__DESCRIPTION OF THE TASK__:
Copy the records word for word. Pictures do not go in.

[Opening PROVIDED INFORMATION section]

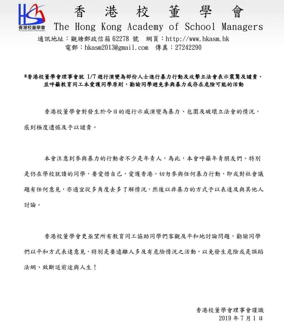 香港校董學會理事會發布聲明譴責暴力行動
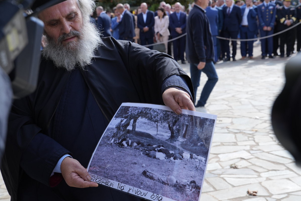 Ο παπά Δημήτρης κρατάει φωτογραφία με του εκτελεσθέντες από τους Γερμανούς στο Κοντομαρί, πριν την άφιξη του Προέδρου της Γερμανίας Φρανκ-Βάλτερ Σταϊνμάιερ στην Κάντανο Χανίων, Πέμπτη 31 Οκτωβρίου 2024. ΑΠΕ-ΜΠΕ / ΠΕΤΡΟΣ ΠΑΤΤΑΚΟΣ
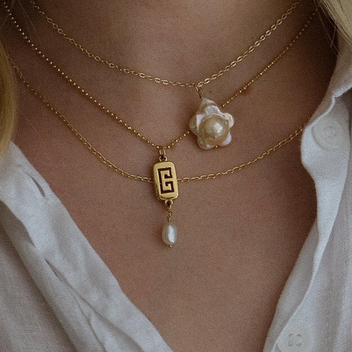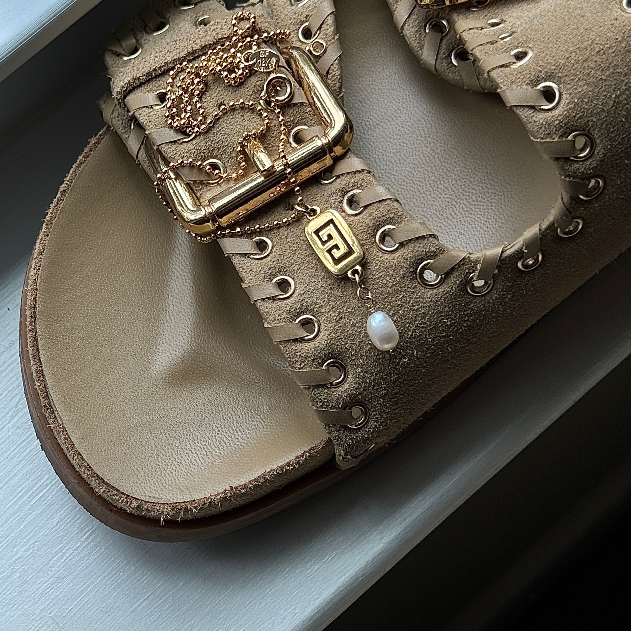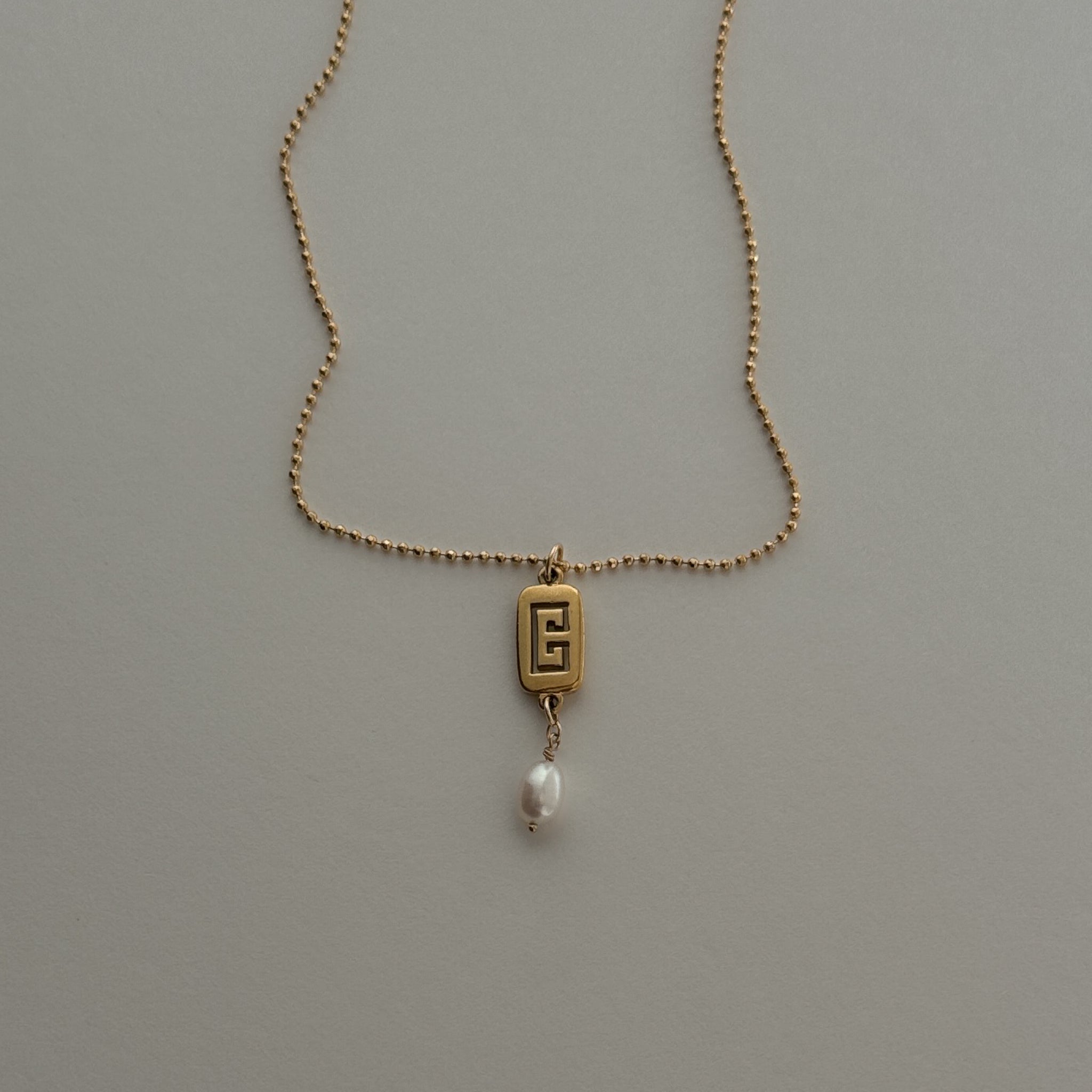 Experience the unique charm of a thoughtfully recreated vintage Givenchy drop pearl pendant necklace. Featuring, authentic Givenchy charm slung on our thin Max 1.5mm gold-filled ball chain and complimented by a petite freshwater keshi pearl. A unique and elegant necklace that no one else will have.
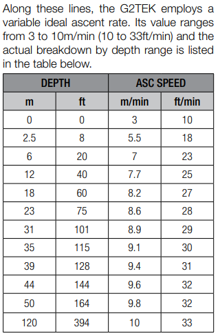 I don't see it documented that the G2 TEK uses the variable ascent rates in its deco/stop calculations...I guess that can be implied, but it is never stated as such that I can find. There is this additional Scubapro Gem...
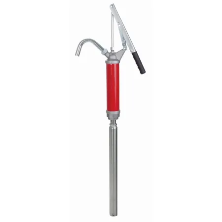 Ручной рычажный насос для перекачки масла, ДТ и керосина. Подходит для использования с бочками объемом 50-250 л. Оснащен изогнутым носиком, бочковыми адаптерами 1 1/2" и 2" и телескопической всасывающей трубкой. Используемые материалы: сталь, алюминий, цинк, латунь, бутадиен-нитрильный каучук
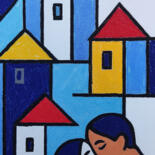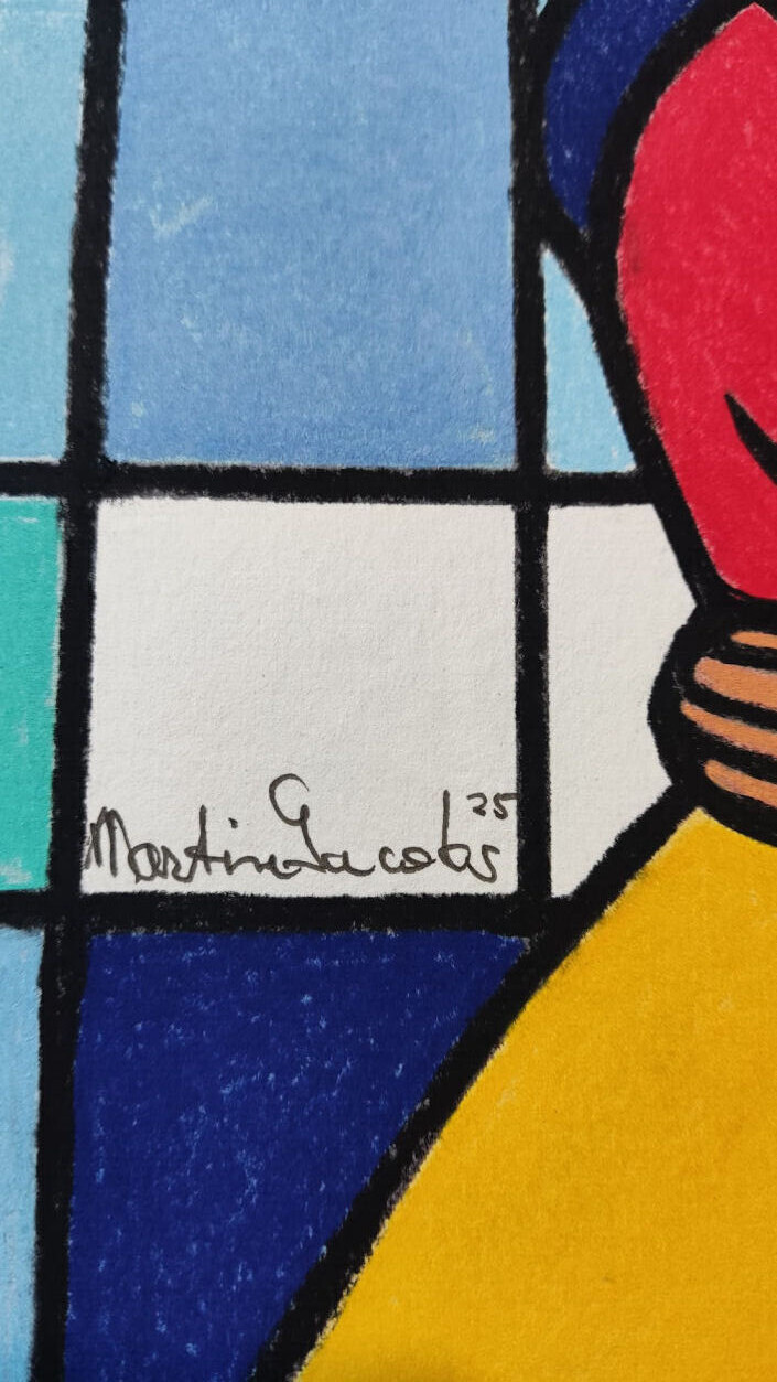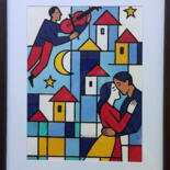 Onderaan omhelzen twee geliefden elkaar. Hun verbondenheid is het middelpunt van mijn werk. In hun aanraking ligt hoop, tederheid en het geloof dat liefde alles overstijgt. De felle kleuren en strakke lijnen versterken dat gevoel: liefde is krachtig, helder en niet te breken.
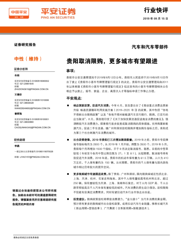 【平安证券】【20190915】汽车和汽车零部件:贵阳取消限购,更多城市有望跟进-3页 行业研究
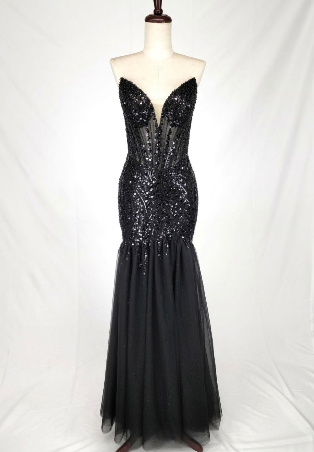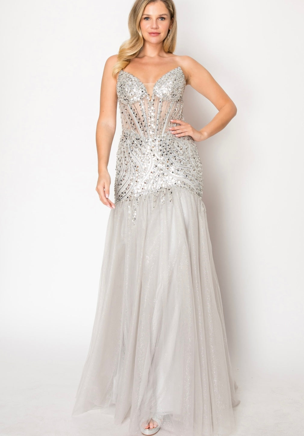 Ignite the room in this show-stopping red gown by Chicas, style C345. This strapless design features a sweetheart neckline and a corset-style bodice adorned with radiant red sequins and beading arranged in a sculpting, figure-enhancing pattern. The fitted silhouette flares into a flowing tulle skirt, adding drama and elegance to every step. Perfect for proms, galas, or formal events, this gown is designed to make a lasting impression with its bold color and dazzling detail.
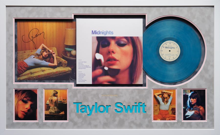 £899.00 GBP£899.00 GBP/We are delighted to have for sale some rare Signed Taylor Swift Midnights Moonstone Blue Signed Album Display. This fantastic Vinyl display is beautifully framed in a white...
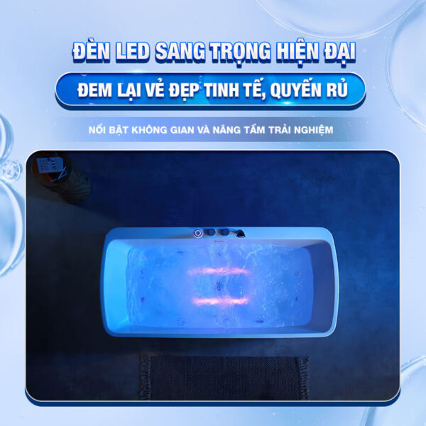 Điểm nhấn của thiết bị vệ sinh này là hệ thống đèn LED hiện đại, kết hợp với Bluetooth, cho phép bạn tận hưởng không gian thư giãn đầy phong cách. Các nút điều khiển tiện lợi giúp quản lý dễ dàng các chức năng như vòi sen, tay sen, đèn LED và xiphong thoát nước. Với công suất định mức 1050W, tổng công suất máy bơm nước 2250W và công suất bơm khí 300W, sản phẩm hoạt động ổn định và bền bỉ, đạt tiêu chuẩn an toàn IPX5.
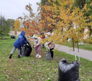 В субботнике приняли участие 45 человек, собрано 110 мешков по 160 л. сухостоя и листвы.
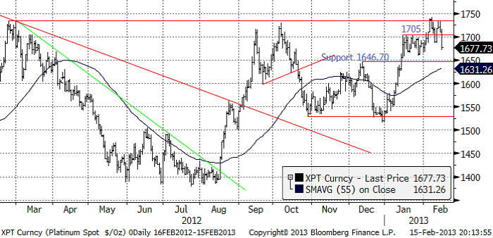 Platinapriset följde guldpriset i veckan som gick, dvs nedåt. I början av veckan bröt platina motståndet på 1705 och gick upp till huvudmotståndet strax under 1750. På den nivån ser vi att det fanns tillräckligt mycket säljare för hejda uppgångarna i februari och mars förra året. Det är uppenbarligen en viktig nivå. Nu har priset fallit så mycket att det ser ut som om priset ska ner till 1650 och hämta kraft. Där skulle man kunna försöka komma in och köpa t ex PLATINA S. Den fundamentala utbuds- och efterfrågesituation för platina skiljer sig väsentligt från guld och silver.
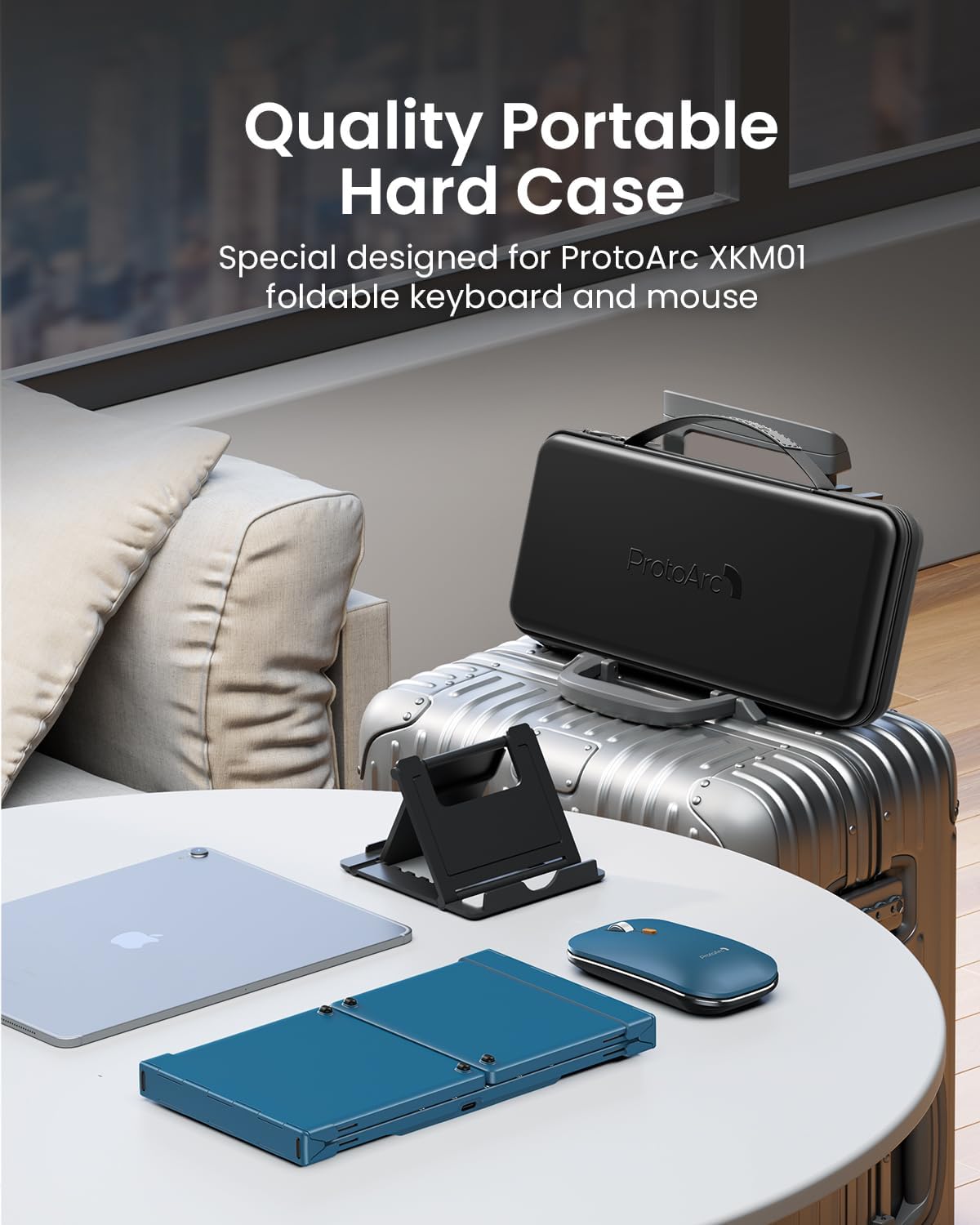 • Travel-Ready All-in-One Kit: Includes a carrying hard case (12 x 5.55 x 1.6 in) with a foldable stand for 4-11” iPads/tablets. Internal aluminum hinges survive 10,000+ folds, tougher for frequent trips. Unfold and work instantly, zero setup time
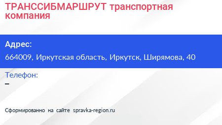 ТРАНССИБМАРШРУТ, транспортная компания по адресу 664009, Иркутская область, Иркутск, Ширямова, 40 в дальнейшем Организация, размещена в следующих категориях:
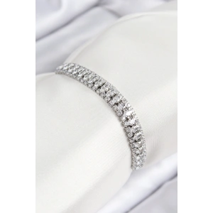 Pirinç Zirkon Taşlı Sıralı Model Gümüş Renk Asansörlü Kadın Bileklik
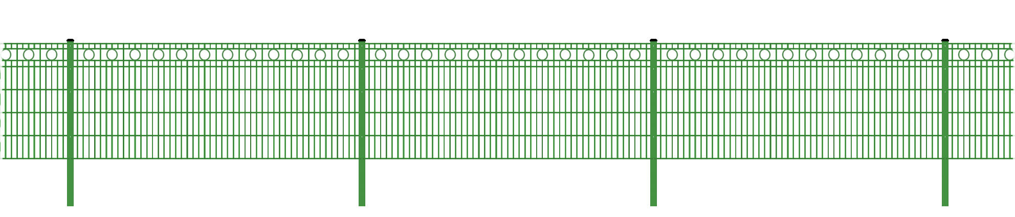 - 39 Schmuckzaun-Doppelstabmatten mit Kreis-Dekor, Stärke 6 / 6 / 6 mm, Farbe Grün, Höhe 141 cm
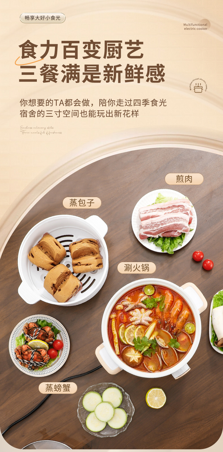 Бытовая небольшая электрическая кастрюля, электрический вок, электрическая пароварка, электрическая кастрюля, электрическая кастрюля, мелкая бытовая техника, универсальная кастрюля с антипригарным покрытием для приготовления пищи на пару и приготовления пищи
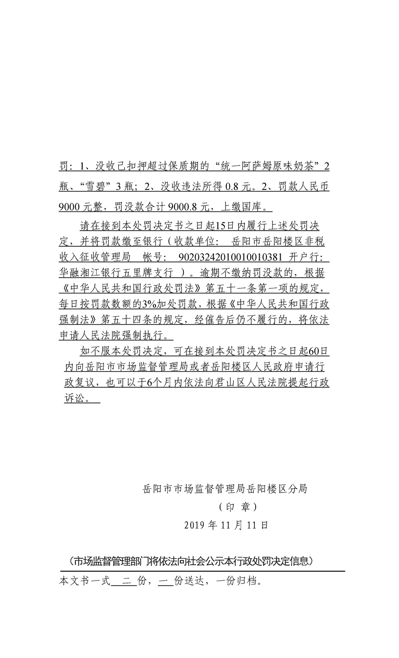岳阳市市场监督管理局岳阳楼区分局行政处罚文书公示(2019年11月份第十五期)

[Closing PROVIDED INFORMATION section]

__TASK OUTPUT__:
 香港校董學會理事會發布聲明譴責暴力行動
 Ο παπά Δημήτρης κρατάει φωτογραφία με του εκτελεσθέντες από τους Γερμανούς στο Κοντομαρί, πριν την άφιξη του Προέδρου της Γερμανίας Φρανκ-Βάλτερ Σταϊνμάιερ στην Κάντανο Χανίων, Πέμπτη 31 Οκτωβρίου 2024. ΑΠΕ-ΜΠΕ / ΠΕΤΡΟΣ ΠΑΤΤΑΚΟΣ
 Experience the unique charm of a thoughtfully recreated vintage Givenchy drop pearl pendant necklace. Featuring, authentic Givenchy charm slung on our thin Max 1.5mm gold-filled ball chain and complimented by a petite freshwater keshi pearl. A unique and elegant necklace that no one else will have.
 I don't see it documented that the G2 TEK uses the variable ascent rates in its deco/stop calculations...I guess that can be implied, but it is never stated as such that I can find. There is this additional Scubapro Gem...
 Ручной рычажный насос для перекачки масла, ДТ и керосина. Подходит для использования с бочками объемом 50-250 л. Оснащен изогнутым носиком, бочковыми адаптерами 1 1/2" и 2" и телескопической всасывающей трубкой. Используемые материалы: сталь, алюминий, цинк, латунь, бутадиен-нитрильный каучук
 Onderaan omhelzen twee geliefden elkaar. Hun verbondenheid is het middelpunt van mijn werk. In hun aanraking ligt hoop, tederheid en het geloof dat liefde alles overstijgt. De felle kleuren en strakke lijnen versterken dat gevoel: liefde is krachtig, helder en niet te breken.
 【平安证券】【20190915】汽车和汽车零部件:贵阳取消限购,更多城市有望跟进-3页 行业研究
 Ignite the room in this show-stopping red gown by Chicas, style C345. This strapless design features a sweetheart neckline and a corset-style bodice adorned with radiant red sequins and beading arranged in a sculpting, figure-enhancing pattern. The fitted silhouette flares into a flowing tulle skirt, adding drama and elegance to every step. Perfect for proms, galas, or formal events, this gown is designed to make a lasting impression with its bold color and dazzling detail.
 £899.00 GBP£899.00 GBP/We are delighted to have for sale some rare Signed Taylor Swift Midnights Moonstone Blue Signed Album Display. This fantastic Vinyl display is beautifully framed in a white...
 Điểm nhấn của thiết bị vệ sinh này là hệ thống đèn LED hiện đại, kết hợp với Bluetooth, cho phép bạn tận hưởng không gian thư giãn đầy phong cách. Các nút điều khiển tiện lợi giúp quản lý dễ dàng các chức năng như vòi sen, tay sen, đèn LED và xiphong thoát nước. Với công suất định mức 1050W, tổng công suất máy bơm nước 2250W và công suất bơm khí 300W, sản phẩm hoạt động ổn định và bền bỉ, đạt tiêu chuẩn an toàn IPX5.
 В субботнике приняли участие 45 человек, собрано 110 мешков по 160 л. сухостоя и листвы.
 Platinapriset följde guldpriset i veckan som gick, dvs nedåt. I början av veckan bröt platina motståndet på 1705 och gick upp till huvudmotståndet strax under 1750. På den nivån ser vi att det fanns tillräckligt mycket säljare för hejda uppgångarna i februari och mars förra året. Det är uppenbarligen en viktig nivå. Nu har priset fallit så mycket att det ser ut som om priset ska ner till 1650 och hämta kraft. Där skulle man kunna försöka komma in och köpa t ex PLATINA S. Den fundamentala utbuds- och efterfrågesituation för platina skiljer sig väsentligt från guld och silver.
 • Travel-Ready All-in-One Kit: Includes a carrying hard case (12 x 5.55 x 1.6 in) with a foldable stand for 4-11” iPads/tablets. Internal aluminum hinges survive 10,000+ folds, tougher for frequent trips. Unfold and work instantly, zero setup time
 ТРАНССИБМАРШРУТ, транспортная компания по адресу 664009, Иркутская область, Иркутск, Ширямова, 40 в дальнейшем Организация, размещена в следующих категориях:
 Pirinç Zirkon Taşlı Sıralı Model Gümüş Renk Asansörlü Kadın Bileklik
 - 39 Schmuckzaun-Doppelstabmatten mit Kreis-Dekor, Stärke 6 / 6 / 6 mm, Farbe Grün, Höhe 141 cm
 Бытовая небольшая электрическая кастрюля, электрический вок, электрическая пароварка, электрическая кастрюля, электрическая кастрюля, мелкая бытовая техника, универсальная кастрюля с антипригарным покрытием для приготовления пищи на пару и приготовления пищи
岳阳市市场监督管理局岳阳楼区分局行政处罚文书公示(2019年11月份第十五期)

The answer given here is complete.